Disclosure of Invention

In order to overcome the drawbacks of the prior art, an object of the present invention is to provide a design method for differential configuration of a lattice cell with high load-carrying capability, so as to greatly improve the load-carrying capability of the structure.

In order to achieve the purpose, the invention adopts the technical scheme that:

a differential configuration design method for a high-bearing-performance-oriented dot matrix cell comprises the following steps:

the method comprises the following steps: based on a structural Poisson ratio calculation formula of a classical beam theory, obtaining mesoscopic cell configurations with positive and negative Poisson ratio values close to +/-1 in theory, and naming the mesoscopic cell configurations as a cell 1 and a cell 2;

step two: carrying out finite element analysis on the obtained mesoscopic cell element configuration to obtain a finite element solution of the positive and negative Poisson ratio values of the mesoscopic cell element configuration;

step three: the method comprises the following steps of (1) carrying out composition in proportion and arrangement mode on a cell element 1 and a cell element 2 with extreme positive and negative Poisson ratios to obtain a mesoscopic configuration with higher equivalent Young modulus and bearing performance parameters of the positive and negative Poisson ratios, and verifying the equivalent bearing performance of a macroscopic lattice structure after the obtained mesoscopic configuration is periodically arranged by a finite element analysis method;

step four: judging whether the combination times reach the preset combination times or not, if not, selecting the configuration with the maximum positive and negative Poisson ratio values obtained in the previous step according to the result of finite element analysis, and recombining the configurations in the same proportion and arrangement mode;

step five: and if the number of times of the preset composition is reached, carrying out finite element analysis on the periodically arranged macroscopic lattice structure of the mesoscopic structure to obtain reliable structure equivalent bearing performance, and outputting the final lattice structure design.
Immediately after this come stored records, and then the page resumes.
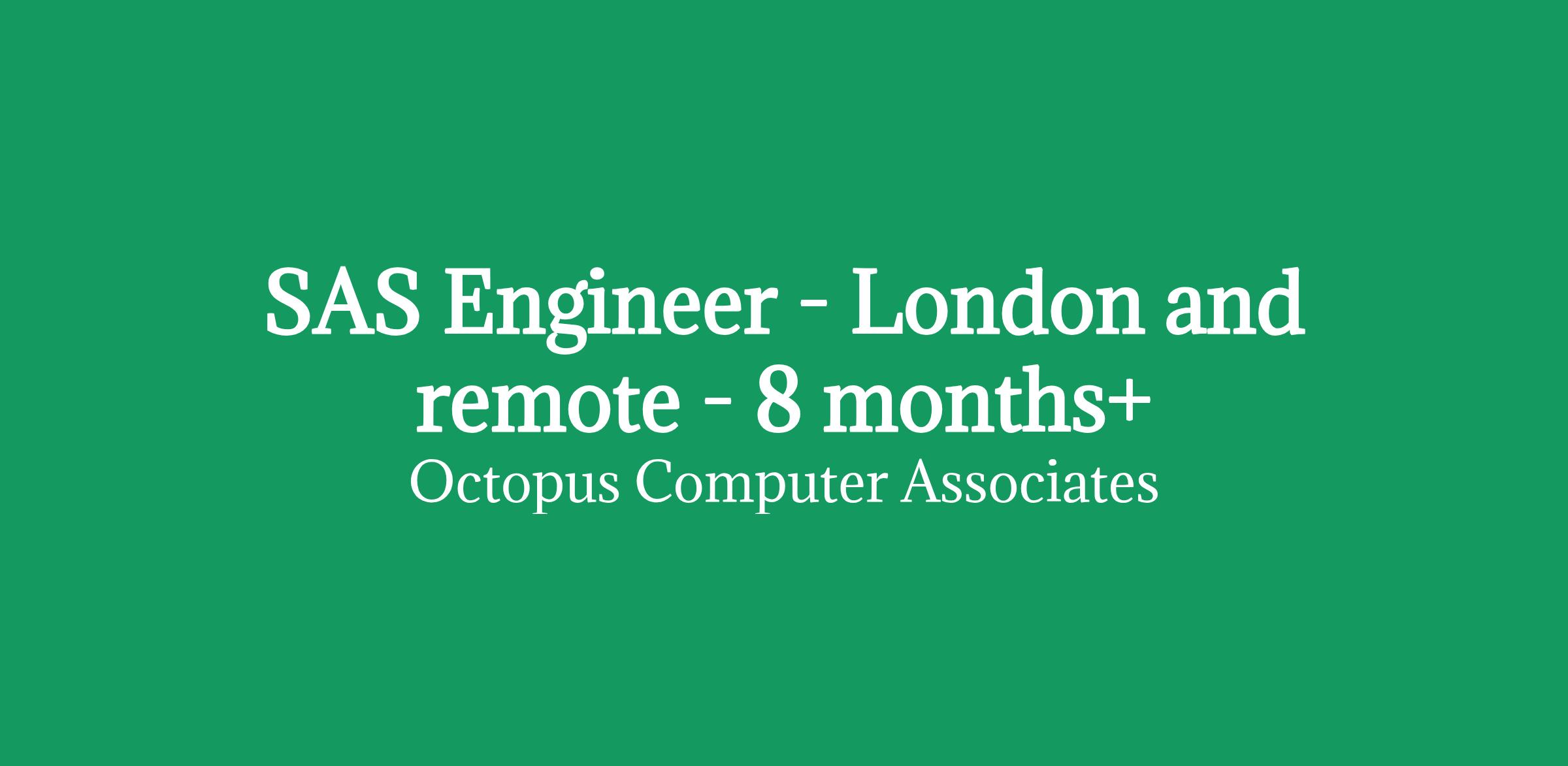 SAS Engineer - London and remote - 8 months+
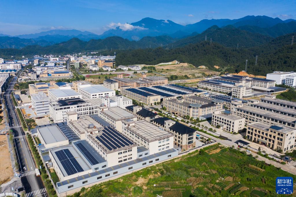 8月3日,空中俯瞰位于浙江省杭州市臨安區龍崗鎮的中國堅果炒貨食品城(無人機照片)。
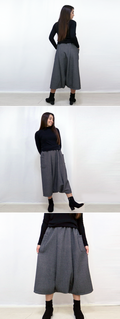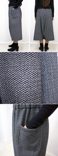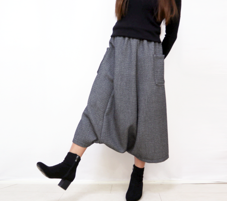 中央部分を袋状して左右から足が出るデザインです。パンツの機能性とスカートの優雅さを楽しめる素敵なデザインです。両サイドに可愛らしいポケットも付けました。全体は3つのパートで出来ていて、極力切替や縫い目を少なくして素材のドレープ感を出すよう工夫しました。
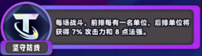 每场战斗,前排每有一名单位,后排单位将获得7%攻击力和8点法强。
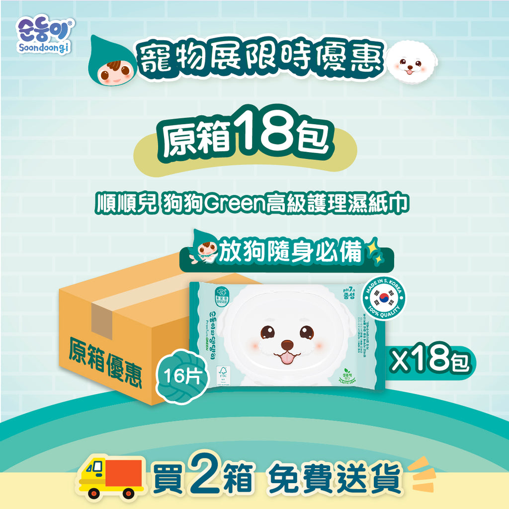 『順順兒』狗狗 Green 高級護理濕紙巾 (16片) - 18包 (fair)
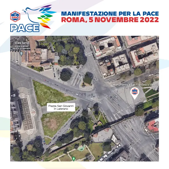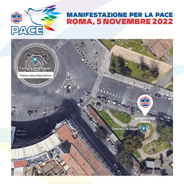 Sono decine di migliaia le persone attese alla grande manifestazione per la Pace convocata dalla Coalizione “Europe for Peace” per sabato 5 novembre a Roma, con l’arrivo già confermato di decine tra treni speciali e autobus. Il ritrovo dei partecipanti è previsto per le ore 12:00 in Piazza della Repubblica, con successiva partenza del corteo alla volta di piazza San Giovanni in Laterano dove dalle 14:30 inizierà la diffusione dal palco dei contenuti e delle richieste esplicitate nella Piattaforma di convocazione. L’appuntamento per tutti gli aclisti è alle 12 in Piazza della Repubblica – Obelisco dei Dogali o alle ore 15,00 presso il Monumneto a San Francesco adiacente piazza San Giovanni in Laterano (in allegato le mappe con i 2 punti di ritrovo)
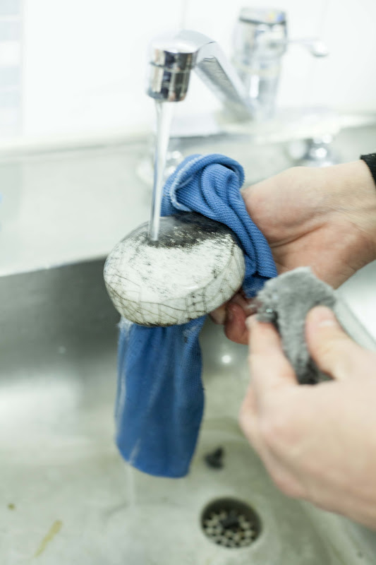 När godset svalnat en aning putsar man bort sotet med vatten och svinto. Ujuj vilken lycka det är att putsa fram krackeleringar.
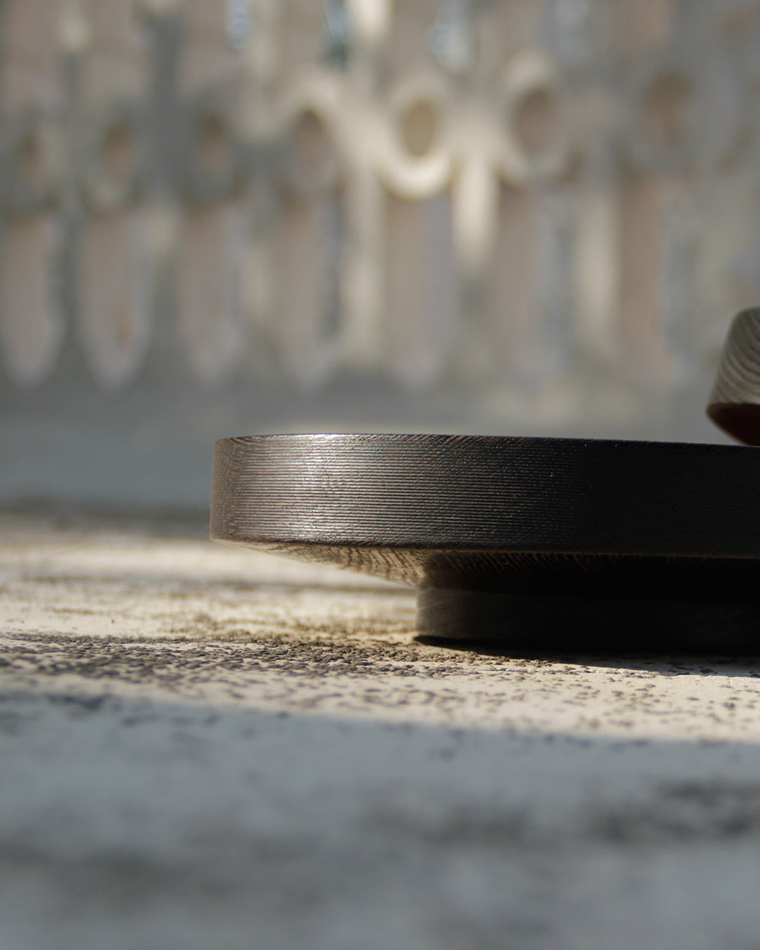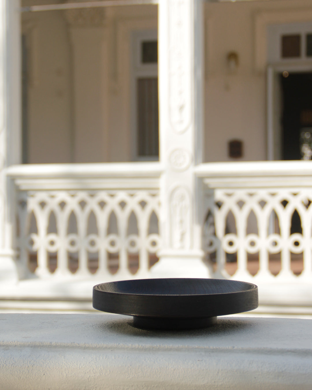 A small footed bowl with straight walls in Vengai wood speaks of simplicity and elegance. The gently curved lip holds the food. Carefully crafted, it shows highly noticeable faces.
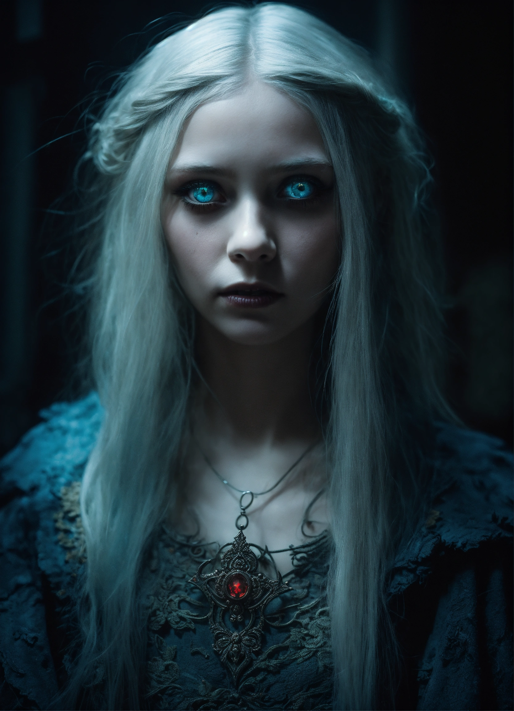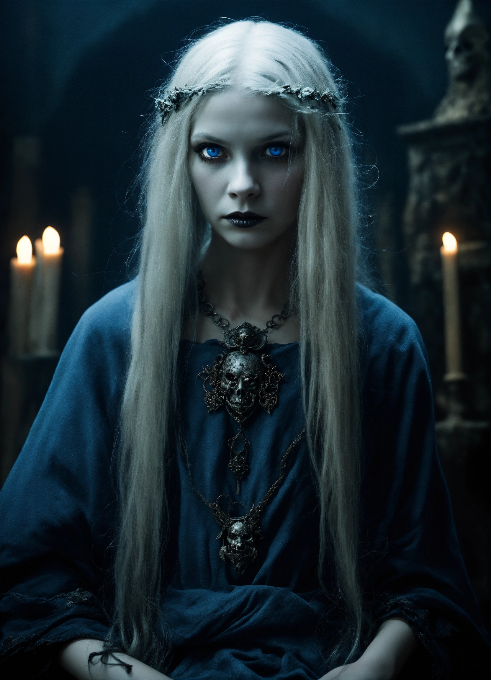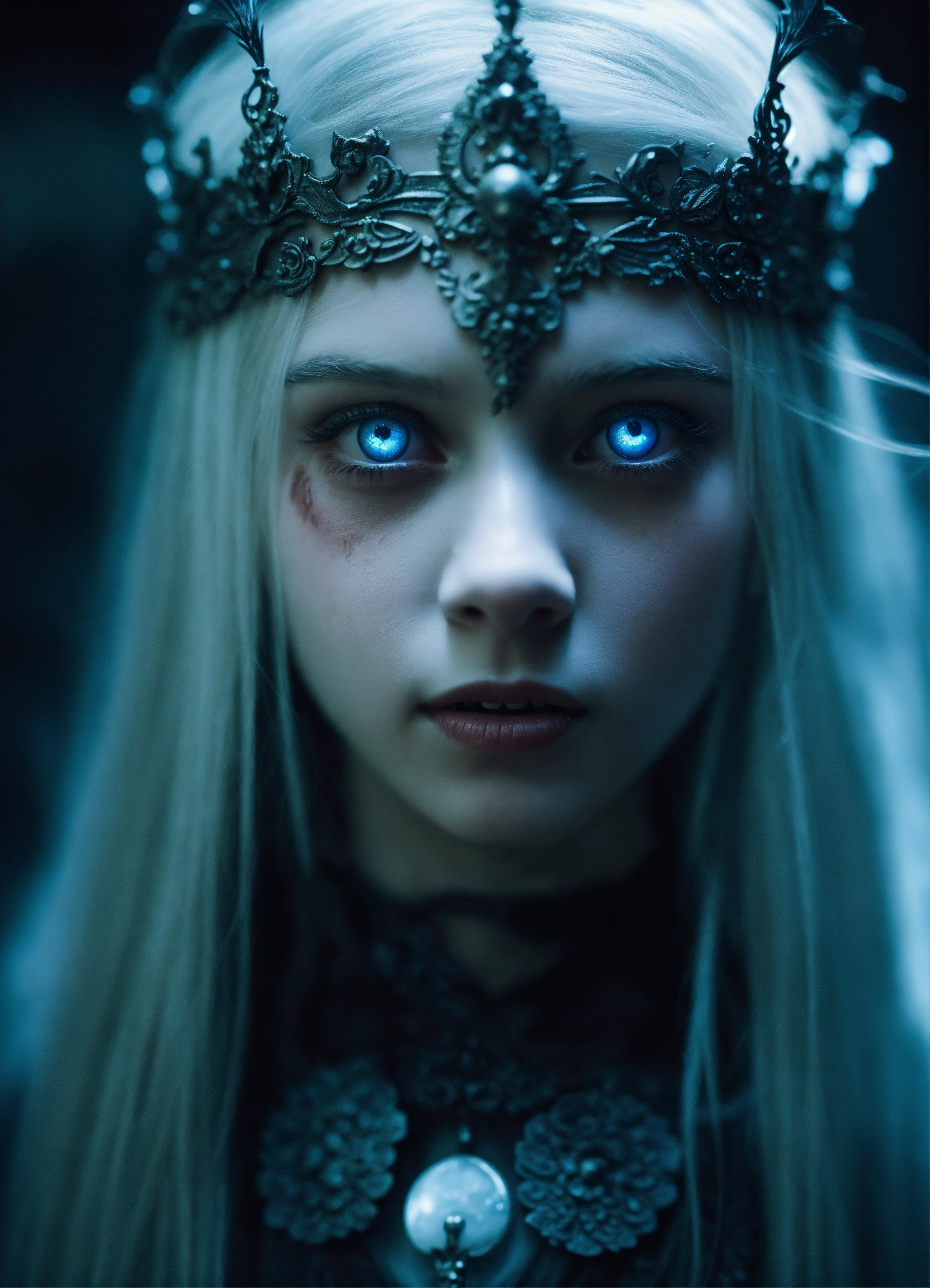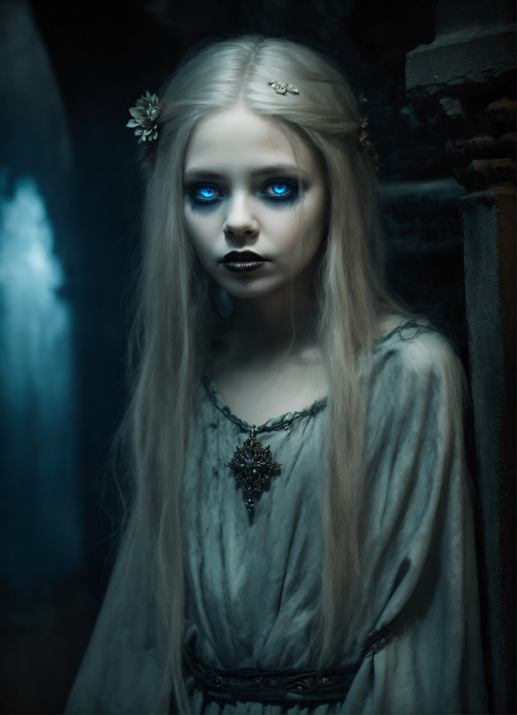 Body portrait, eleven year old childish female goth necromancer, very skinny and emaciated with long silverwhite hair and alabaster skin pale as a corpse and glowing blue eyes is overcome by darkness in a gloomy crypt, slim face, innocent looking, graceful, wispy, glowing blue eyes, ghostly, rotting flesh, dead, evil, demonic, undead, darkness, grotesque, mysterious, dark, cold ambient lighting, focus on face, extremely detailed, fantasy, medieval setting

The mathematical expression of the structure Poisson ratio calculation method in the step two finite element analysis is as follows:

wherein mu is the Poisson's ratio of the structure, epsilon₁₂Is strain in direction 2,. epsilon₁₁Is the strain in direction 1, direction 1 refers to the load bearing direction of the structure, and direction 2 refers to the direction perpendicular to direction 1; since the transverse and longitudinal lengths of the structure are equal, the above equation is also equal to the displacement of the structure in the loaded direction 2, Δ u₂Displacement Δ u from direction 1₁The ratio of (a) to (b).

The mathematical expression of the structural equivalent Young modulus calculation method in the finite element analysis is as follows:

E＝σ/ε (2)

wherein E is the Young modulus of the structure, sigma is the structural stress, epsilon is the structural strain, and epsilon is 0.005;

equivalent Young's modulus of structure

Equal to the Young's modulus E of the structure and the Young's modulus E of the constituent material_SThe specific mathematical expression is shown as formula (3);

σ＝∑F/A (4)

and (3) calculating the structural stress by adopting the ratio A of the sum sigma F of the supporting and reacting forces of the loading surface to the acting area, wherein the calculation formula is shown as the formula (4).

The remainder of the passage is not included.